We both danced around each other’s issues like everyone does. If you look back at any conversation you’ve had with someone that you know and love who is overweight or underweight, ask yourself if you’ve ever asked them how they’re doing. We judge people who are obese; we pay them less; we discriminate against them. Studies show that we subconsciously think they’re slovenly and undisciplined. And yet when we talk to people we absolutely make no attempt to bridge this problem. And I was on the opposite end of the spectrum, because everyone would tell me how great I looked when I was absolutely ill. No one said, God you’re really thin. Shouldn’t you put on some weight? Instead, they all told me I looked fantastic and wanted to know how I got there. Now I’ve told everyone how I got there, and I don’t suggest trying it at home.
What was it like to constantly deprive yourself of food?
I was always hungry. I was always ravenous or craving food or completely obsessed or feeling sick. And I destroyed my metabolism. I wrote Knowing Your Value because I wanted to convey that message to working women and emphasize finding a balance in life. For me to be able to do both of those things I have to get my mind off food. That’s why I’ve come clean. I figure if the whole world knows this about me now, I won’t feel like I’m lying to them. I have felt like a fake, especially when people told me how “amazing” I looked. Because I did not feel amazing. I felt like I was destroying myself and it was kind of a growing, gnawing little crisis inside my soul. And as a mother of two girls, it felt really wrong. So I’m sort of working on getting to a better place by making sure the world calls me out on it if I don’t. Since they call me out on everything else on the Internet, why don’t I just put the truth out there!
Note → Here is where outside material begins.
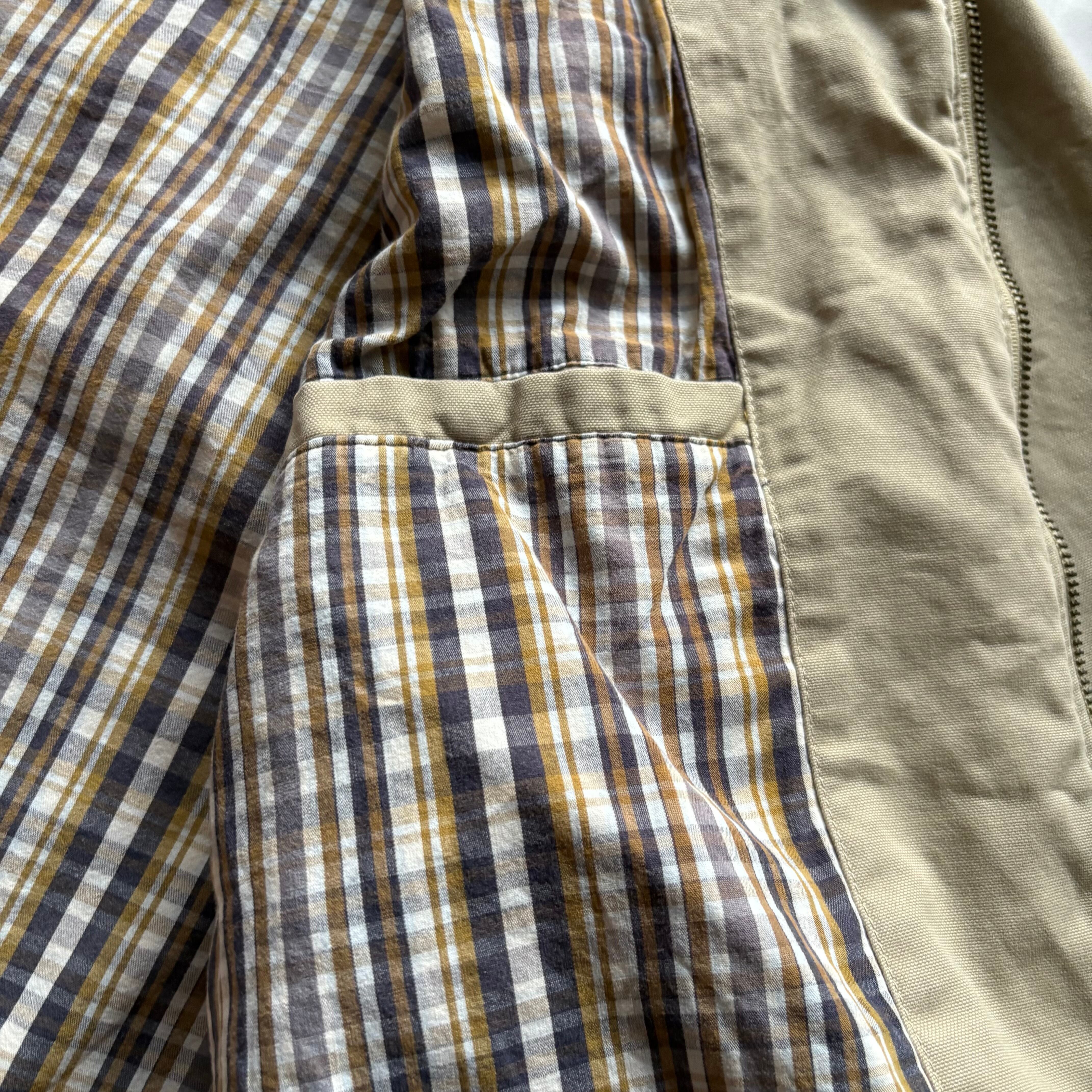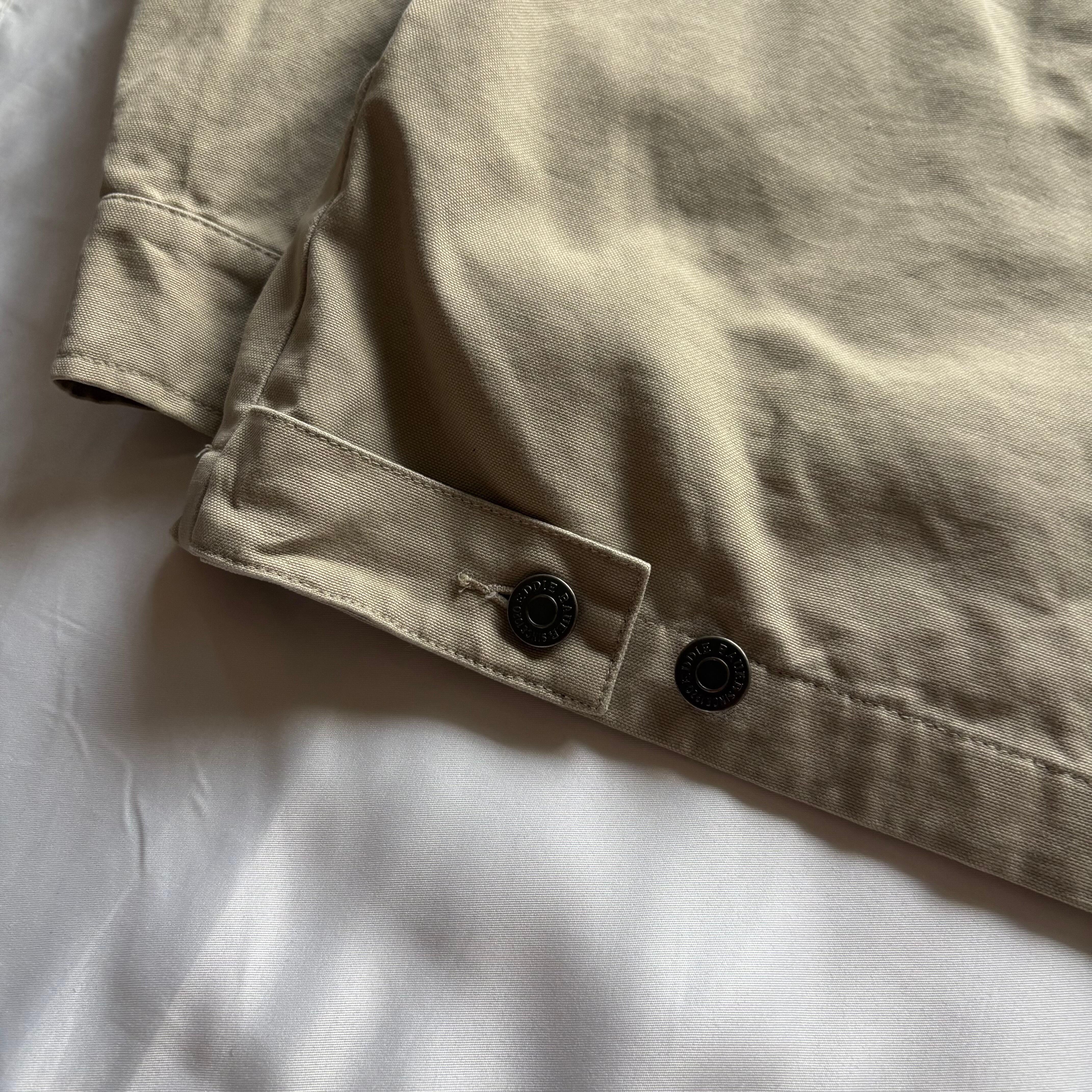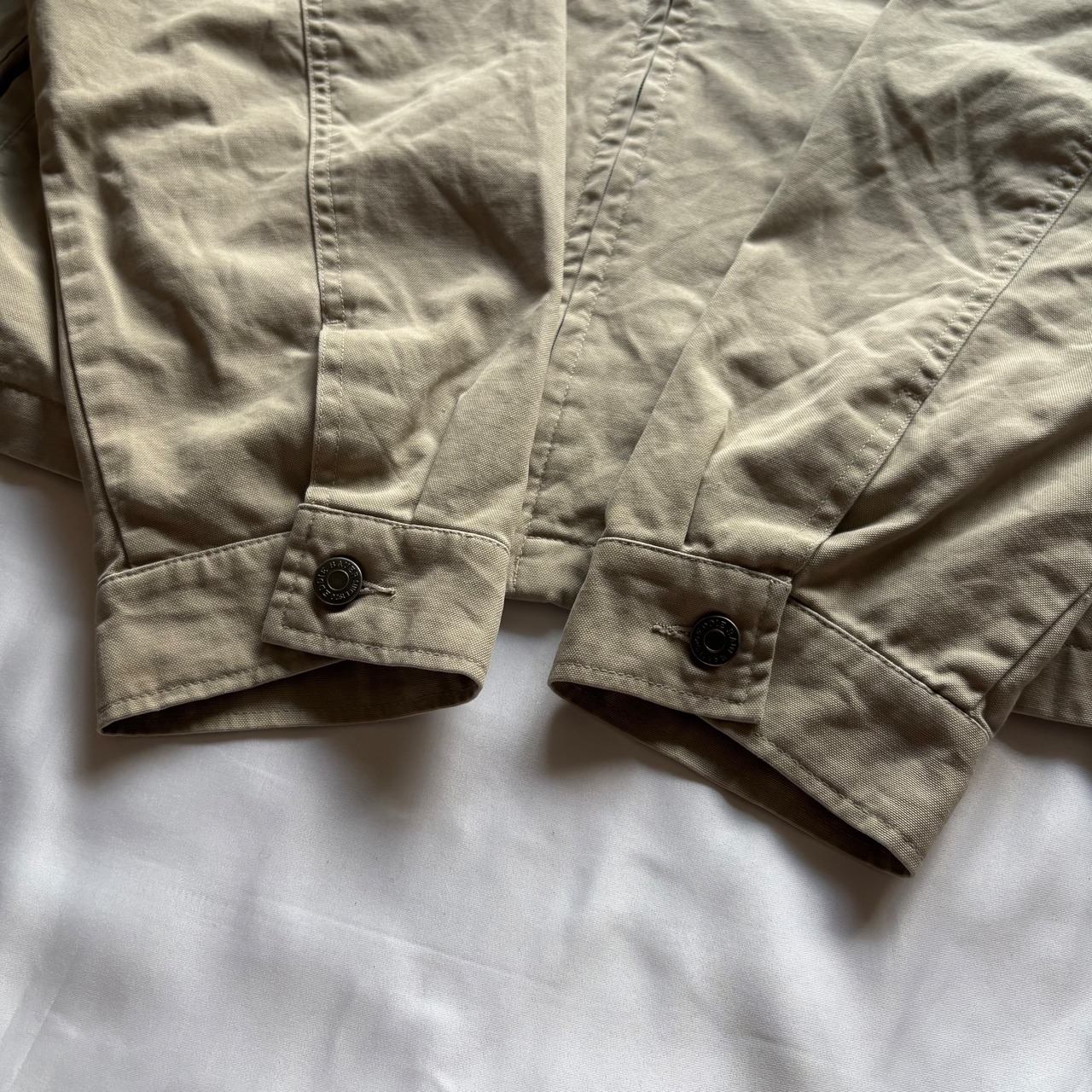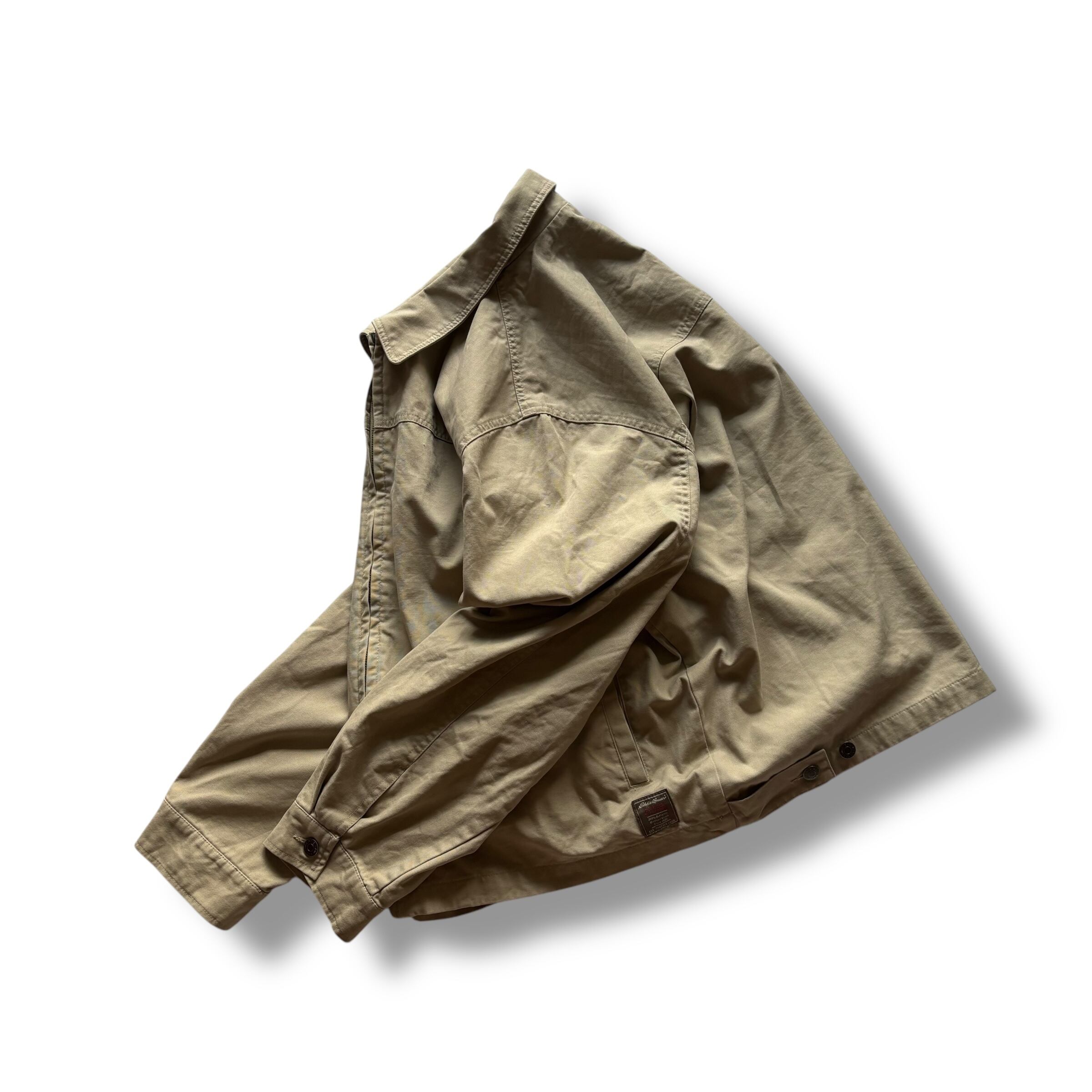 ワークウェアらしいタフな印象がある落ち着いたアースカラーのチノクロスを用いたシンプルなデザインは良い意味でクセがなく、何にでも合わせやすいライトアウターとなっています。

Do you think your food issues stem from a lack of confidence in other areas?
Yes, and I know I should be way past that at this point. I’ve come to everything backwards and it has taken me way too long. Let me save everyone a little time: read Knowing Your Value and read Obsessed. I wish I hadn’t wasted so much time. Feeling healthy and good about yourself is so much more rewarding than just feeling skinny.